Abstract
Objective
There is still controversy regarding whether neck remodeling stent affects the occurrence of silent embolic infarction (SEI) after aneurysm coiling. Thus, the aim of the present study is to investigate the incidence of SEI after stent-assisted coiling (SAC) using Neuroform Atlas Stent (NAS) and possible risk factors. This study also includes a comparison with simple coiling group during the same period to estimate the impact of NAS on the occurrence of SEI.
Methods
This study included a total of 96 unruptured intracranial aneurysms in 96 patients treated with SAC using NAS. Correlations of demographic data, aneurysm characteristics, and angiographic parameters with properties of SEI were analyzed. The incidence and characteristics of SEI were investigated in 28 patients who underwent simple coiling during the same period, and the results were compared with the SAC group.
Results
In the diffusion-weighted imaging obtained on the 1st day after SAC, a total of 106 SEI lesions were observed in 48 (50%) of 96 patients. Of these 48 patients, 38 (79.2%) had 1–3 lesions. Of 106 lesions, 74 (69.8%) had a diameter less than 3 mm. SEI occurred more frequently in older patients (≥60 years, p=0.013). The volume of SEI was found to be significantly increased in older age (≥60 years, p=0.032), hypertension (p=0.036), and aneurysm size ≥5 mm (p=0.047). The incidence and mean volume of SEI in the SAC group (n=96) were similar to those of the simple coiling group (n=28) during the same period.
Conclusion
SEIs are common after NAS-assisted coiling. Their incidence in SAC was comparable to that in simple coiling. They occurred more frequently at an older age. Therefore, the use of NAS in the treatment of unruptured intracranial aneurysm does not seem to be associated with an increased risk of thromboembolic events if antiplatelet premedication has been performed well.
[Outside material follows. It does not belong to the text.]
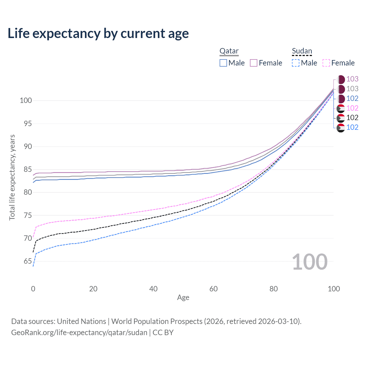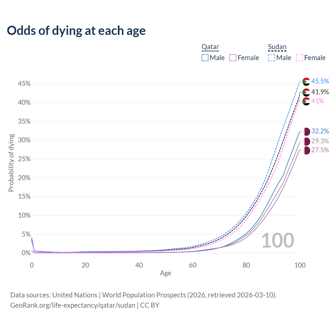 This life expectancy calculator shows the odds of living to 100, 95, 90, and below based on current age for both males and females in Qatar and Sudan, along with mean and median age of death. The calculations are based on the 2026 life tables (actuarial tables) from the UN World Population Prospects.

Recently, Neuroform Atlas Stent (NAS) (Stryker Neurovascular, Kalamazoo, MI, USA) with low-profiled, easy handling deliveries is being widely applied for wide-necked intracranial aneurysms [14]. Although stent-assisted coiling (SAC) has been reported to be safe and effective in treating wide-necked aneurysms, this technique requires an adjunctive device (the stent) to be remained within the artery, which can increase the rate of periprocedural thromboembolic events. Generally believed to be caused by microemboli created during or after coil embolization, most thromboembolic events are clinically silent [2]. These lesions can be caused by various intra-procedural embolic sources including friable plaques, dissection of parent vessels, air bubbles, and thrombi within aneurysms and catheters that could only be detected by post-procedural diffusion weighted imaging (DWI) [20]. However, there is increasing evidence that the cumulative burden of ischemic brain injury might cause minor deficits or aggravate vascular dementia, especially in older patients with smaller brain volumes and decreased neuronal plasticity [24].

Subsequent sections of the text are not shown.